We learn more about Varga from his time in the restroom, too. He goes twice. Not the first time a pivotal moment has occurred in the bathroom in Fargo. Remember where Lou Solverson (Patrick Wilson) was when he met Ronald Reagan (Bruce Campbell)? It's all connected.

While the law hasn't always been the sharpest on Fargo, Burgle and Lopez – the two kindest characters in season 3 – are already quickly approaching the truth about Ennis Stussy/Thaddeus Mobley's death. Gloria's new boss, Moe Dammick (Shea Whigham), couldn't be further from the truth, but despite his pushback, the Ex-Chief continues to do the right thing on Fargo.

They're Not Crooks 

Two characters bound to let us down at least a few more times are Ray and Swango, and yet I still find myself hanging onto hope these murderous bridge players make it out of season 3 alive. They're the underdogs. Nobody's ever believed in them.

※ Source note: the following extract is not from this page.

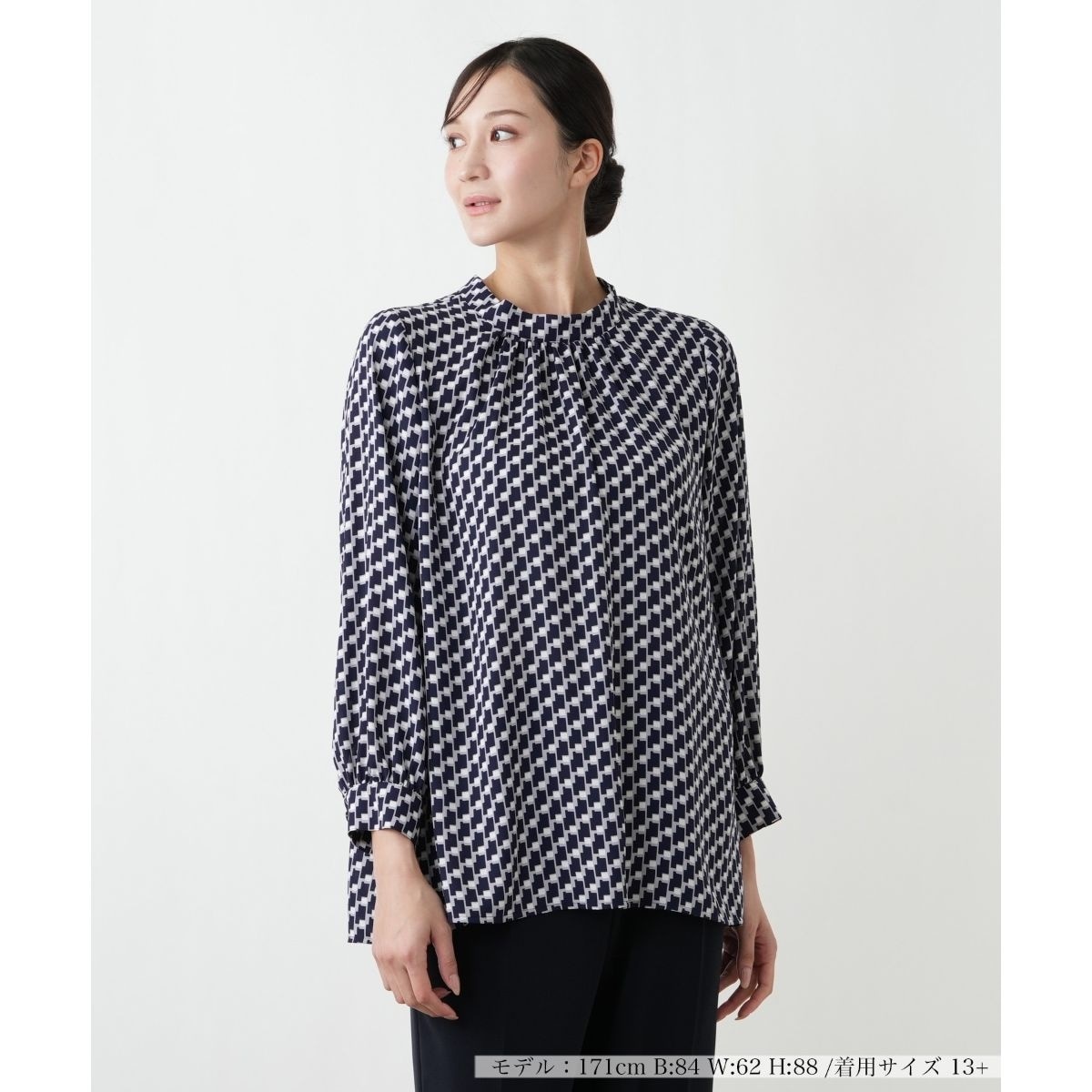 首元に細やかに寄せられたギャザーが、顔まわりに柔らかな立体感を演出します。全面にあしらわれた幾何学模様が、装いにモダンで洗練された表情を添えます。ゆったりとしたシルエットながらも、なめらかな生地が身体のラインに沿い、動きに合わせて美しいドレープを描きます。袖口にはシャーリングデザインが施されており、手元にさりげないアクセントを加え、全体的に上品な佇まいの一着です。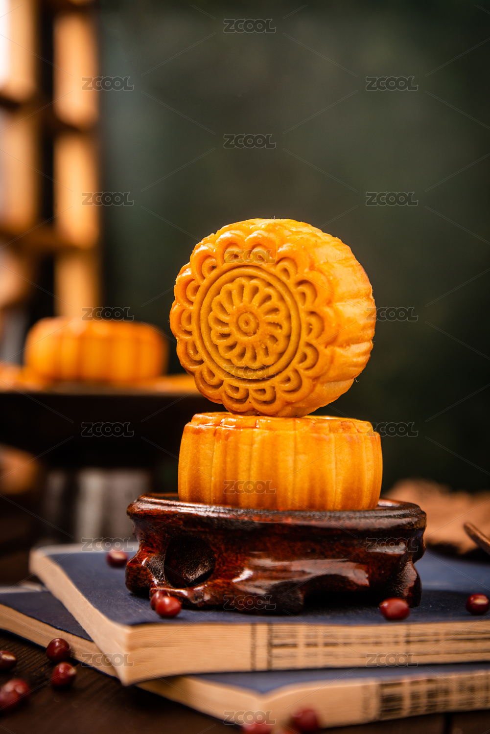 木板上的传统美食月饼

Long before they killed Maurice LeFay (Scoot McNairy) together, they were probably complete loners. They only appear to have each other.

Ray and Swango are rarely apart. Being Fargo, you have to wonder whether Swango has a nefarious plan up her sleeve, but it's also easy to see why she cares about Ray. They're the only ones who've believed in each other in a long time.

The two of them are also hilarious in "The Narrow Escape Problem," which is maybe the funniest episode of the season so far. Swango's nod of confidence following Ray's convincing enough Emmit get up is about as funny as Sy Feltz's (Michael Stuhlbarg) road rage and threatening index finger. They have a lot of great scenes in this week's episode, both funny and sad.

Also, if you're already thinking about dressing up as either Ray Stussy and Nikki Swango this Halloween, you have the right idea.

Another Deal with the Devil 

Emmit's greed continues. He foolishly chooses to stay in business with Varga, after calling his brother Ray "a loser." Ray's killed a guy, and yet I still feel sorry for the sadsack dreamer when his brother calls him a loser behind his back. Their rivalry is probably going to get a little more Old Testament real soon, as Varga hints.

David Thewlis' physicality and deliveries are almost alien. He feels a bit like death, especially when director Michael Uppendahl dissolves from Varga freshening his breath, with his mouth wide open like an animal, to Gloria on the road, calling to mind The Wolf and Peter. It's another chilling dissolve in season 3. The premiere has a haunting one with LeFay as well.

Without question, Emmit – the one with the most to lose – drops the ball in "The Narrow Escape." Varga has the Parking Lot King of Minnesota directly under his thumb now.

How Emmit and Varga walk around the home office is almost like watching a dance with the devil. When Varga moves behind Emmit, and his face is cast under a quick shadow, it's another sinister moment with the eloquent and well-travelled Englishman. The villain's presence can go from hilarious to unsettling. He lives a life allowing him to go where he pleases and gets what he wants in "The Narrow Escape Problem" by appealing to Emmit's greed. Their partnership doesn't seem destined to end well, at least not for Emmit.